Please reproduce the data exactly, though every picture must stay out.

### PROVIDED MATERIAL
━━━━━━━━━━

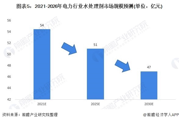 因此,在水處理劑使用方面,由于煤炭資源和水資源呈逆向分布特點,45%的火電廠裝機建于“過度取水”區(qū),火力發(fā)電用水占全國工業(yè)用水總量的30%-40%,其中循環(huán)冷卻水用量占比70%以上,未來隨著國家節(jié)能減排和清潔能源的使用的加大,整體發(fā)電量增速放緩,火電發(fā)電的使用份額進一步下降,電力水處理劑有望隨之整體下降,預(yù)計到2025年市場規(guī)?;?qū)⑾陆抵?1億元左右,到2030年下降至47億元。
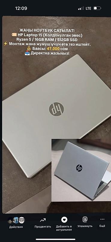 HP Laptop 15 - Процессор: AMD Ryzen 5 - Оперативная память: 16 ГБ
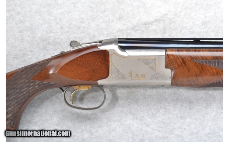 Description: Coin finish receiver has scroll and gold. SOLD Manufacturer: Made in Japan. Caliber Info: 12 Chambers: 2 3/4 inch. Metal Condition: Excellent. Wood Condition: Very good with light handling marks. Bore Condition: Very clean, bright and shiny. Barrels: 30 inch ported ventilated rib barrels. Triggers: Single adjustable gold. Stock: Checkered walnut pistol grip. Stock Dimensions: LOP 14 3/4 inches. Fore End: Checkered walnut Schnabel. Butt Pad: Browning rubber recoil pad. Weight: 8 lbs. 2 oz. Sights: Green bar high visibility front. White middle bead. Chokes: Tubes. Item Location: Richfield, WI |

━━━━━━━━━━

### TASK SOLUTION
 因此,在水處理劑使用方面,由于煤炭資源和水資源呈逆向分布特點,45%的火電廠裝機建于“過度取水”區(qū),火力發(fā)電用水占全國工業(yè)用水總量的30%-40%,其中循環(huán)冷卻水用量占比70%以上,未來隨著國家節(jié)能減排和清潔能源的使用的加大,整體發(fā)電量增速放緩,火電發(fā)電的使用份額進一步下降,電力水處理劑有望隨之整體下降,預(yù)計到2025年市場規(guī)?;?qū)⑾陆抵?1億元左右,到2030年下降至47億元。
 HP Laptop 15 - Процессор: AMD Ryzen 5 - Оперативная память: 16 ГБ
 Description: Coin finish receiver has scroll and gold. SOLD Manufacturer: Made in Japan. Caliber Info: 12 Chambers: 2 3/4 inch. Metal Condition: Excellent. Wood Condition: Very good with light handling marks. Bore Condition: Very clean, bright and shiny. Barrels: 30 inch ported ventilated rib barrels. Triggers: Single adjustable gold. Stock: Checkered walnut pistol grip. Stock Dimensions: LOP 14 3/4 inches. Fore End: Checkered walnut Schnabel. Butt Pad: Browning rubber recoil pad. Weight: 8 lbs. 2 oz. Sights: Green bar high visibility front. White middle bead. Chokes: Tubes. Item Location: Richfield, WI |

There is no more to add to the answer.